▶ **Task goal**:
Start at the top of the records and, please, print each line exactly through the line that contains "Switch Remarkable Legendary", leaving out all pictures.

(Records from a collection)
>>>>>

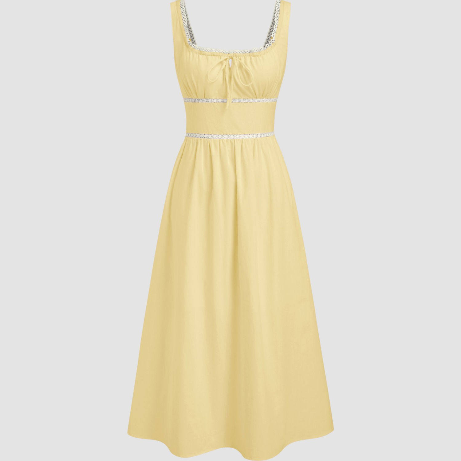 CIDER 夏季女装棉质方领系带褶饰长吊带连衣裙 114645614
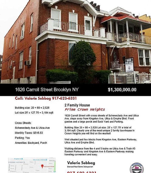 1626 Carroll Street with cross streets of Schenectady Ave and Utica Ave, steps away from Kingston Ave, Utica & Empire Blvd. Lot size: 25' x 127.75' a total of 3,194 sqft. Front garden and a large porch and Back Yard and Parking. Clearly one of the most unique 2 family townhouse in Crown Heights you will find on the market! Well situated just few blocks from Kingston Ave, Eastern Parkway, Utica Ave and Empire Blvd. Walking distance from the 4 and 5 trains on Utica Ave & Train #3 Eastern Parkway and Kingston Ave & Eastern Parkway making traveling convenient and easy.
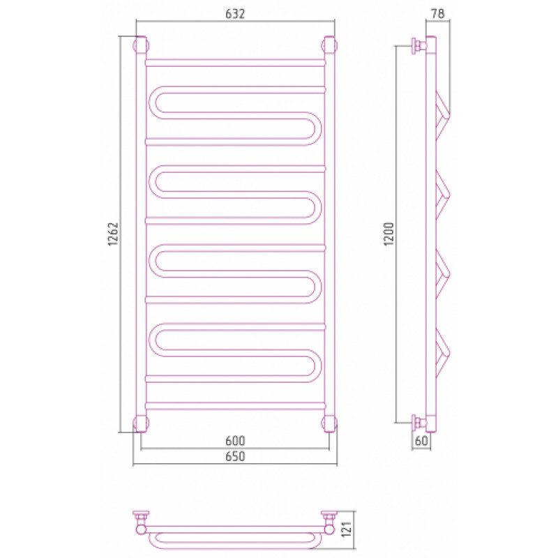 Полотенцесушитель водяной Сунержа Элегия+ 30-0205-1260, высота 120 см, ширина 60 см, универсальное подключение, цвет матовый белый
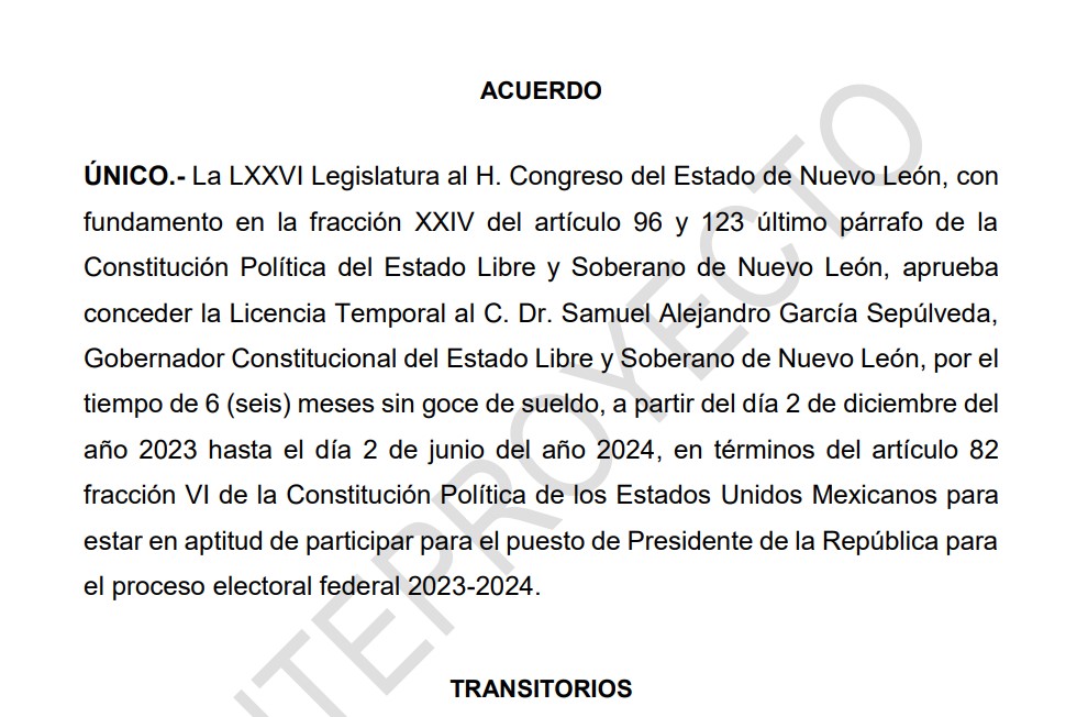 Por unanimidad, la Comisión de Gobernación del Congreso del Estado avaló la licencia temporal solicitada por el gobernador Samuel García Sepúlveda para apartarse del cargo por seis meses, desde el 2 de diciembre hasta el 2 de junio de 2024.
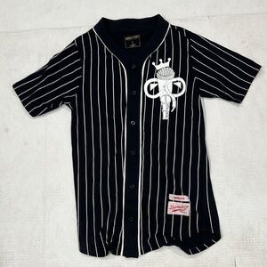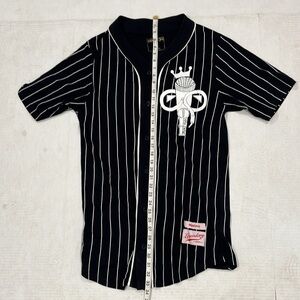 Switch Remarkable Legendary Men Black & white button down shirt - features striking white & black pinstripes and a prominent logo on the upper left side, offering a classic hip hop look. Ideal for casual outings, concerts, music festival events, it combines style and comfort seamlessly. The fabric is designed for durability and ease of wear 100% cotton. SIZE. L
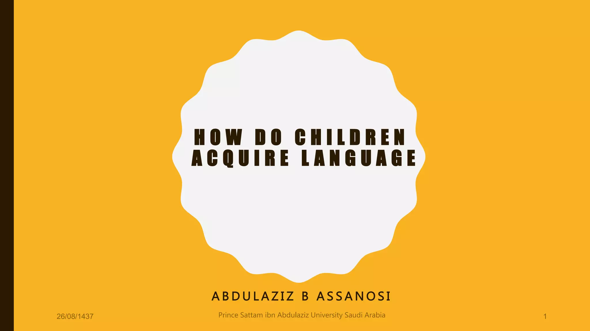 The document discusses the processes through which children acquire language, distinguishing between speech production and comprehension. It outlines the stages of speech development, including vocalization, babbling, and the transition to speech, as well as subsequent stages like holophrastic and telegraphic speech. Additionally, it explores the factors influencing the acquisition of speech sounds and the order in which children learn morphemes.
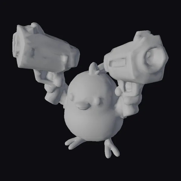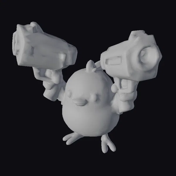 Get ready to quack up your 3D models with this adorable chick, posed dynamically with two water guns in hand. The chick’s bright yellow feathers are smooth and rounded, with a subtle texture that catches the light. Its big, shiny eyes sparkle with mischief, while its tiny orange beak and feet add a pop of color. The blue water guns are detailed with purple accents, adding a cool contrast to the overall playful vibe. This model is perfect for gaming, animation, or decorative projects that need a dash of whimsy.
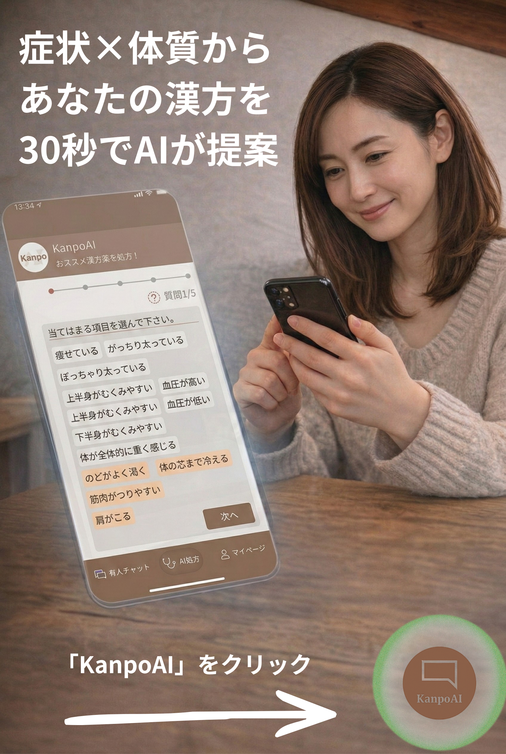 ChatGPTやGeminiなどの生成AIと異なり、あなたの「お悩み(3つの症状の程度・患った期間)」に加え、漢方の「8つの体質」を加味して選定いたします。ぜひお試しください。【無料】

<<<<<

▶ **Result of the task**:
 CIDER 夏季女装棉质方领系带褶饰长吊带连衣裙 114645614
 1626 Carroll Street with cross streets of Schenectady Ave and Utica Ave, steps away from Kingston Ave, Utica & Empire Blvd. Lot size: 25' x 127.75' a total of 3,194 sqft. Front garden and a large porch and Back Yard and Parking. Clearly one of the most unique 2 family townhouse in Crown Heights you will find on the market! Well situated just few blocks from Kingston Ave, Eastern Parkway, Utica Ave and Empire Blvd. Walking distance from the 4 and 5 trains on Utica Ave & Train #3 Eastern Parkway and Kingston Ave & Eastern Parkway making traveling convenient and easy.
 Полотенцесушитель водяной Сунержа Элегия+ 30-0205-1260, высота 120 см, ширина 60 см, универсальное подключение, цвет матовый белый
 Por unanimidad, la Comisión de Gobernación del Congreso del Estado avaló la licencia temporal solicitada por el gobernador Samuel García Sepúlveda para apartarse del cargo por seis meses, desde el 2 de diciembre hasta el 2 de junio de 2024.
 Switch Remarkable Legendary Men Black & white button down shirt - features striking white & black pinstripes and a prominent logo on the upper left side, offering a classic hip hop look. Ideal for casual outings, concerts, music festival events, it combines style and comfort seamlessly. The fabric is designed for durability and ease of wear 100% cotton. SIZE. L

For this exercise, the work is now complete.